## GIVEN INFORMATION
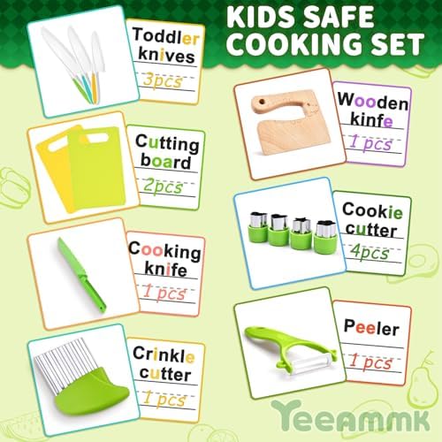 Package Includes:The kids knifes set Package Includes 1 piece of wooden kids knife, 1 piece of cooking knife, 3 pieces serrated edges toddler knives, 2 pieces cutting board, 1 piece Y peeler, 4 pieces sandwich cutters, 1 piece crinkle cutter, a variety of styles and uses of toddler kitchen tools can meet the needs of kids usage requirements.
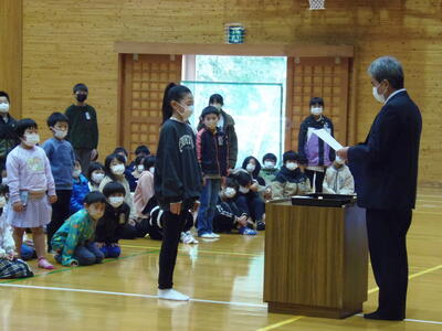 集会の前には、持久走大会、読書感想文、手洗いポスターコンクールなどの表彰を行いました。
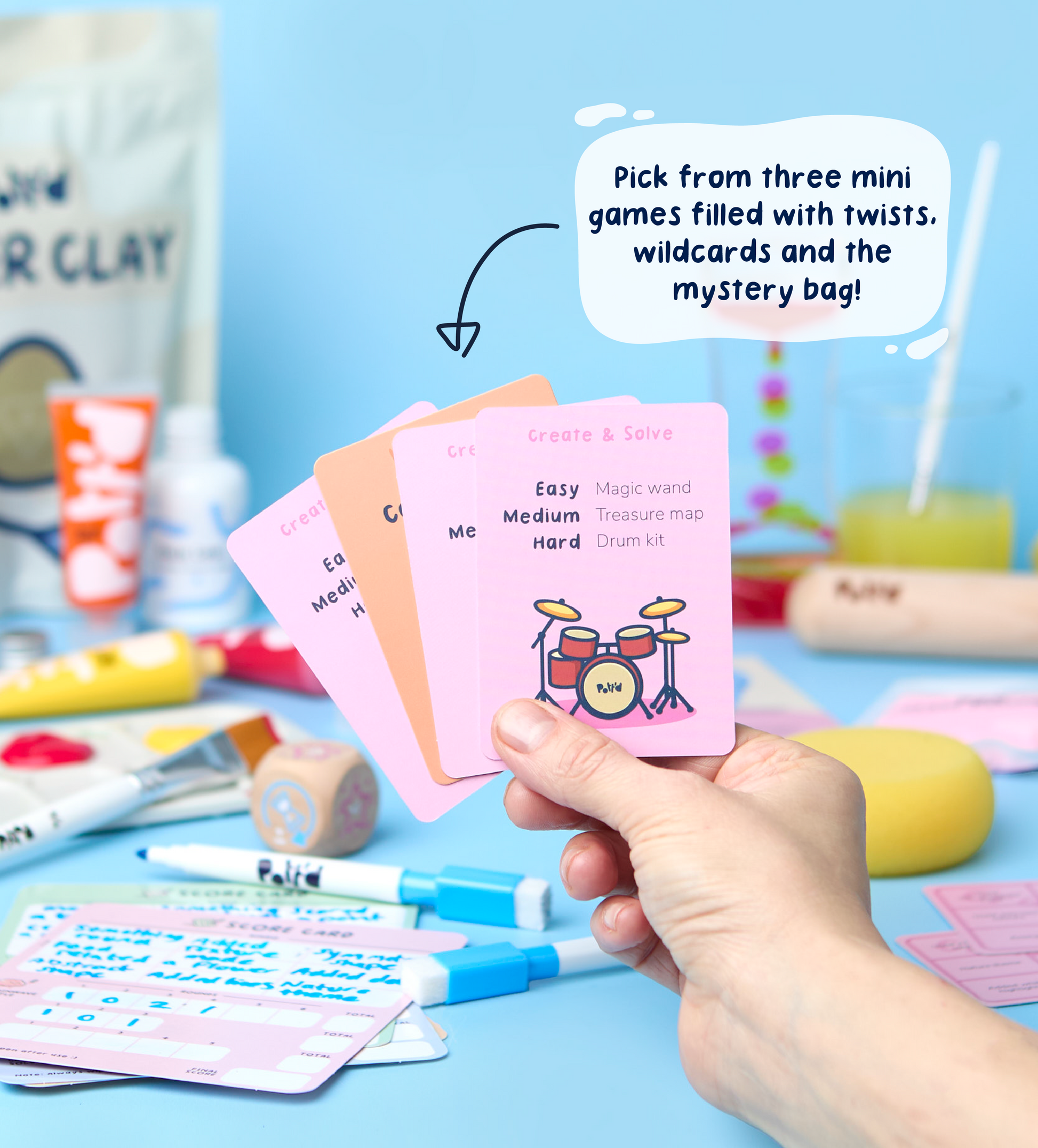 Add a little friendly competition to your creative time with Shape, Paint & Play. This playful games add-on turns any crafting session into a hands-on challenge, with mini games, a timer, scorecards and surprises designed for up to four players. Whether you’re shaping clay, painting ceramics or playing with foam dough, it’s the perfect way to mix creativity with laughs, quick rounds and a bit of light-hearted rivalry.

## ASSIGNED TASK
Output a verbatim copy of the lines from the line containing "集会の前には、持久走大会、読" through the end of the data, both included, without any images.

## RESPONSE
 集会の前には、持久走大会、読書感想文、手洗いポスターコンクールなどの表彰を行いました。
 Add a little friendly competition to your creative time with Shape, Paint & Play. This playful games add-on turns any crafting session into a hands-on challenge, with mini games, a timer, scorecards and surprises designed for up to four players. Whether you’re shaping clay, painting ceramics or playing with foam dough, it’s the perfect way to mix creativity with laughs, quick rounds and a bit of light-hearted rivalry.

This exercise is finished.